◆ **WORK TO BE COMPLETED**: Below are the entries. Transcribe exactly the lines from the one with "Гобелен с мандалой, таро, настенное" through the one with "おにぎりさん:(沖を通り過ぎ", ends included, and leave out all others.

◆ **DATASET EXCERPTS**:
##########

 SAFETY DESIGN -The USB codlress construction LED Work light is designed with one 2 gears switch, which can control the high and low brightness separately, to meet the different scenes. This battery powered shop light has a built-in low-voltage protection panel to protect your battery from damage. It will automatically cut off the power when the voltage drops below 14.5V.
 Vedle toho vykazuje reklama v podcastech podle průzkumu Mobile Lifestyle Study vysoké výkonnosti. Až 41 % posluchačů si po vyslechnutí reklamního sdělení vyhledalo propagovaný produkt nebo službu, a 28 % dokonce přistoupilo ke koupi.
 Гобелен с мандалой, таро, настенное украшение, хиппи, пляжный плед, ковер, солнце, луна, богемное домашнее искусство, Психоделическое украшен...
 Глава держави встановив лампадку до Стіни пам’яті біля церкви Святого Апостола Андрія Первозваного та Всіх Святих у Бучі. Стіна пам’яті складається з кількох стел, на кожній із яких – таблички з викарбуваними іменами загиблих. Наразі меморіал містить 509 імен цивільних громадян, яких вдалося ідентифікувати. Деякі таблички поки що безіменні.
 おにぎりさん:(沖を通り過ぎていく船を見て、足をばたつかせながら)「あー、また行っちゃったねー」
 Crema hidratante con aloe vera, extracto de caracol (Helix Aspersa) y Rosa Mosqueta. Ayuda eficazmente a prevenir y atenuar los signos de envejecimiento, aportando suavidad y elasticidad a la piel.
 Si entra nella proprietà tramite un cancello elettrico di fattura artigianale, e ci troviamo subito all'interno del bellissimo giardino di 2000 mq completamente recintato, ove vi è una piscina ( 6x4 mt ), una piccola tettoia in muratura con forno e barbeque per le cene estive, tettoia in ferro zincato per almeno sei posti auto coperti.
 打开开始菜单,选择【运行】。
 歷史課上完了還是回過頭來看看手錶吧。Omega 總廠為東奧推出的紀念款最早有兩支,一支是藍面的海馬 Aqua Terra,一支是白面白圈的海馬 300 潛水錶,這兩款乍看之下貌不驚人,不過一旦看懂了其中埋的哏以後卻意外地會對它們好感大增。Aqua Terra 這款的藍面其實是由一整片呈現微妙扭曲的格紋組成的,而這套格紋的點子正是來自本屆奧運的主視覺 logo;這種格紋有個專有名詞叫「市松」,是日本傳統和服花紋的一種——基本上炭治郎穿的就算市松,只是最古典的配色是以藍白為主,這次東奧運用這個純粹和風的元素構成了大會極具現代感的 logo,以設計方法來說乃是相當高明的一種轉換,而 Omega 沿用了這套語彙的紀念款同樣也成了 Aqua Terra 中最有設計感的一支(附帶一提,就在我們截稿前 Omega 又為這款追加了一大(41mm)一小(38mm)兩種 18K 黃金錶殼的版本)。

##########

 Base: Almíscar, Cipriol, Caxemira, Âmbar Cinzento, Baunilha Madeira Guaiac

##########

◆ **TASK SOLUTION**:
 Гобелен с мандалой, таро, настенное украшение, хиппи, пляжный плед, ковер, солнце, луна, богемное домашнее искусство, Психоделическое украшен...
 Глава держави встановив лампадку до Стіни пам’яті біля церкви Святого Апостола Андрія Первозваного та Всіх Святих у Бучі. Стіна пам’яті складається з кількох стел, на кожній із яких – таблички з викарбуваними іменами загиблих. Наразі меморіал містить 509 імен цивільних громадян, яких вдалося ідентифікувати. Деякі таблички поки що безіменні.
 おにぎりさん:(沖を通り過ぎていく船を見て、足をばたつかせながら)「あー、また行っちゃったねー」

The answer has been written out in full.